Diverge/Converge

Know when to open up and when to close in.

Two modes of thinking for two different moments. Diverge when you need more options. Converge when you need a decision.

What this is

Two sets of prompts designed for different stages of thinking. Divergent prompts help you resist premature closure, generate more options, and explore the edges. Convergent prompts help you evaluate, eliminate, and commit with clarity.

Most teams get stuck in one mode or the other—either endlessly exploring without deciding, or deciding too fast without exploring. This tool makes the shift deliberate.

When to diverge

  • At the start of a problem, before narrowing toward solutions
  • When the first option feels too obvious or safe
  • When the team is converging too fast and shutting down ideas
  • Before committing to a direction you might regret narrowing toward
  • When you sense there's a better option you haven't thought of yet

When to converge

  • After you've generated enough options and need to choose
  • When exploration is becoming procrastination or indecision
  • When the cost of delaying a decision is higher than the risk of choosing
  • Before executing, to surface final doubts and commit with confidence
  • When you need to cut scope, prioritize, or say no to good ideas

How it works

Choose the mode that matches where you are. If you're exploring, use divergent prompts to resist early closure. If you're deciding, use convergent prompts to evaluate and commit. Don't mix them—trying to diverge and converge simultaneously is how teams get stuck.
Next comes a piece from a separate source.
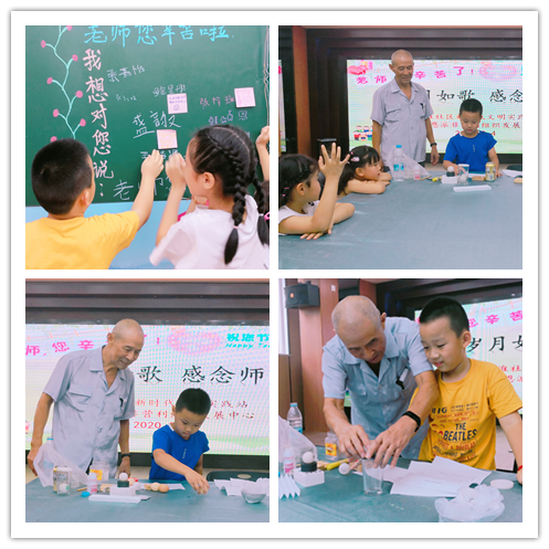 程老師是一位退休的物理教師,這次他為孩子們帶來了很多與生活有關的物理小實驗,耐心地進行演示和講解,每到精彩瞬間都贏得孩子們陣陣鼓掌的聲音。大家也興致勃勃地親手實驗起來,在程老師的指導和他們的共同努力下,一幕幕神奇的景象呈現(xiàn)在眼前,現(xiàn)場一片歡聲笑語?;顒拥母叱保⒆觽兒统汤蠋煼窒淼案?,祝全天下的老師教師節(jié)快日。

Work through the prompts one at a time. Take notes. Some questions will feel more relevant than others—that's expected. Skip what doesn't apply.

Who this is for

Teams making product, design, or strategic decisions. Anyone who needs help shifting between exploration and decision-making. Facilitators who want to signal mode shifts clearly. Solo thinkers who want structured prompts for opening up or closing in.